O que este guia é, e o que não é
São orientações práticas de viagem escritas para quem já sabe lidar com a própria alergia. Não é orientação médica, e nada aqui substitui o que seu médico ou alergista diz sobre viajar, levar medicação ou o que fazer numa emergência.
O que um restaurante é realmente obrigado a informar
As regras variam enormemente, e saber em qual regime você está muda o jeito de perguntar. Na União Europeia, o Regulamento (UE) n.º 1169/2011 obriga os estabelecimentos a fornecer informação sobre 14 alérgenos — cereais com glúten, crustáceos, ovos, peixe, amendoim, soja, leite, frutos de casca rija, aipo, mostarda, gergelim, sulfitos, tremoço e moluscos — e essa obrigação cobre alimentos não pré-embalados servidos em restaurantes, embora possa ser dada verbalmente desde que haja um aviso indicando perguntar. O Reino Unido aplica os mesmos 14. Nos Estados Unidos, a norma federal de alérgenos vale para alimentos embalados e não obriga restaurantes a declará-los no cardápio, então perguntar diretamente é o único caminho. Em outros lugares, parta do princípio de que nada é obrigatório e pergunte como se não fosse.

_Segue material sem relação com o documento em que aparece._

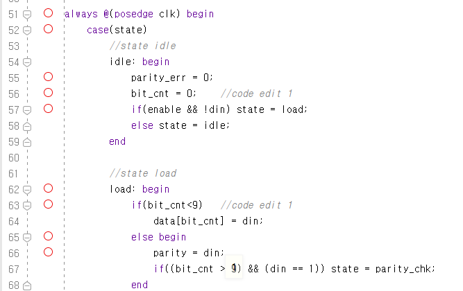 위 코드에서 주석에 code edit 1로 표기한 부분을 수정하여 문제를 해결했다, - parity error이 나타나는 부분을 확인해보니 다음과 같이 나타났다.
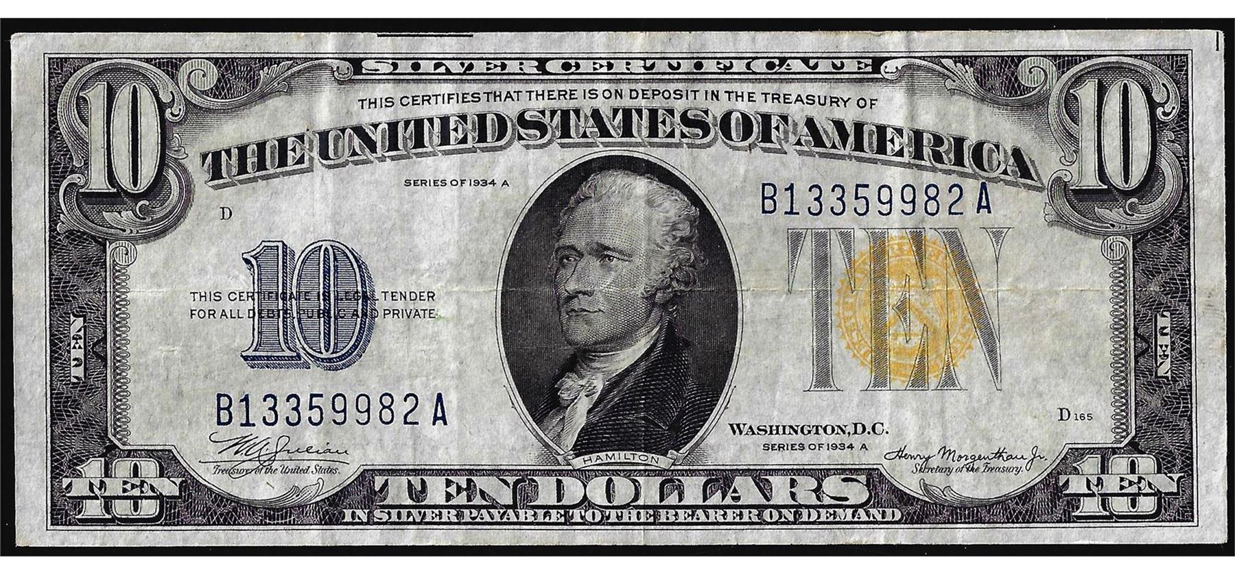 One 1934A $10 North Africa WWII Emergency Issue Silver Certificate Note.

Por que um app não é garantia
Um app de tradução traduz o que está impresso no cardápio. Um app de cardápios pode ir além e deduzir ingredientes prováveis e alérgenos comuns a partir da composição de um prato, o que é realmente útil para eliminar vinte pratos em segundos. Nenhum dos dois sabe o que aconteceu naquela cozinha hoje de manhã. As receitas variam por região, por casa e por cozinheiro: o caldo pode ser feito com peixe, o molho engrossado com pasta de castanha, a frigideira apenas limpa com papel em vez de lavada. Use um app para pré-selecionar e para se comunicar, nunca como verificação final.
Os ingredientes que se escondem
Toda culinária tem itens básicos que carregam um alérgeno sem nunca anunciá-lo no cardápio. Conhecer os locais transforma uma preocupação vaga numa pergunta específica.
- Japão: o dashi, base da maioria das sopas e cozidos, costuma ser feito com bonito — peixe em pratos que de resto seriam vegetarianos.
- Tailândia e Vietnã: o molho de peixe é quase universal, e o amendoim aparece em molhos muito além dos pratos óbvios.
- México e Espanha: feijão refrito, massas e tamales são frequentemente feitos com banha.
- Índia: ghee é manteiga, e a pasta de castanha de caju ou amêndoa é uma forma comum de encorpar um curry.
- China: o molho de soja costuma conter trigo, e o óleo de gergelim é finalização em muitos pratos que não o mencionam.
- França e Itália: manteiga, creme e anchova aparecem em molhos e temperos que não soam nem a leite nem a peixe.
O cartão de alergia, e como escrever um que funcione
Um cartão no idioma local continua sendo a ferramenta mais eficaz, porque elimina de uma vez a barreira do idioma e o risco de um resumo bem-intencionado. Escreva curto e categórico: nomeie o alérgeno, nomeie os alimentos locais comuns onde ele se esconde, e deixe claro que mesmo uma pequena quantidade é um problema se for o seu caso. Peça a um falante nativo para revisar — um cartão traduzido por máquina que diz algo ambíguo é pior do que nenhum cartão, porque gera tranquilidade com confiança. Leve em papel além do celular: o papel sobrevive a uma bateria acabada e pode ir até a cozinha, o que um celular normalmente não faz.
Na mesa
O horário importa mais do que se imagina. Uma cozinha às 21h30 de sábado não consegue dar à sua pergunta a atenção que ela merece; a mesma cozinha às 19h de terça muitas vezes consegue. Pergunte antes de sentar, enquanto sair ainda é fácil. Pergunte sobre a mecânica específica em vez de no abstrato — se a fritadeira é compartilhada, se o molho é feito na casa, se usam a mesma tábua e a mesma faca — porque «é seguro?» convida a um sim educado e «na fritadeira também frita o peixe empanado?» convida a uma resposta real. Se as respostas ficarem vagas, isso também é uma resposta.
Antes de voar
Leve mais medicação do que a viagem precisa, na bagagem de mão, na embalagem original com rótulo, e confira as regras do destino sobre transportar autoinjetores de adrenalina: vários países tratam isso de forma diferente e alguns exigem documentação. Uma carta curta do seu médico, traduzida, cobre tanto o aeroporto quanto o hospital. Salve o número de emergência local: é 112 em toda a UE e em muitos outros países, 911 nos Estados Unidos e Canadá, 999 no Reino Unido. Verifique também se o seu seguro-viagem trata uma reação alérgica como condição preexistente, porque algumas apólices tratam.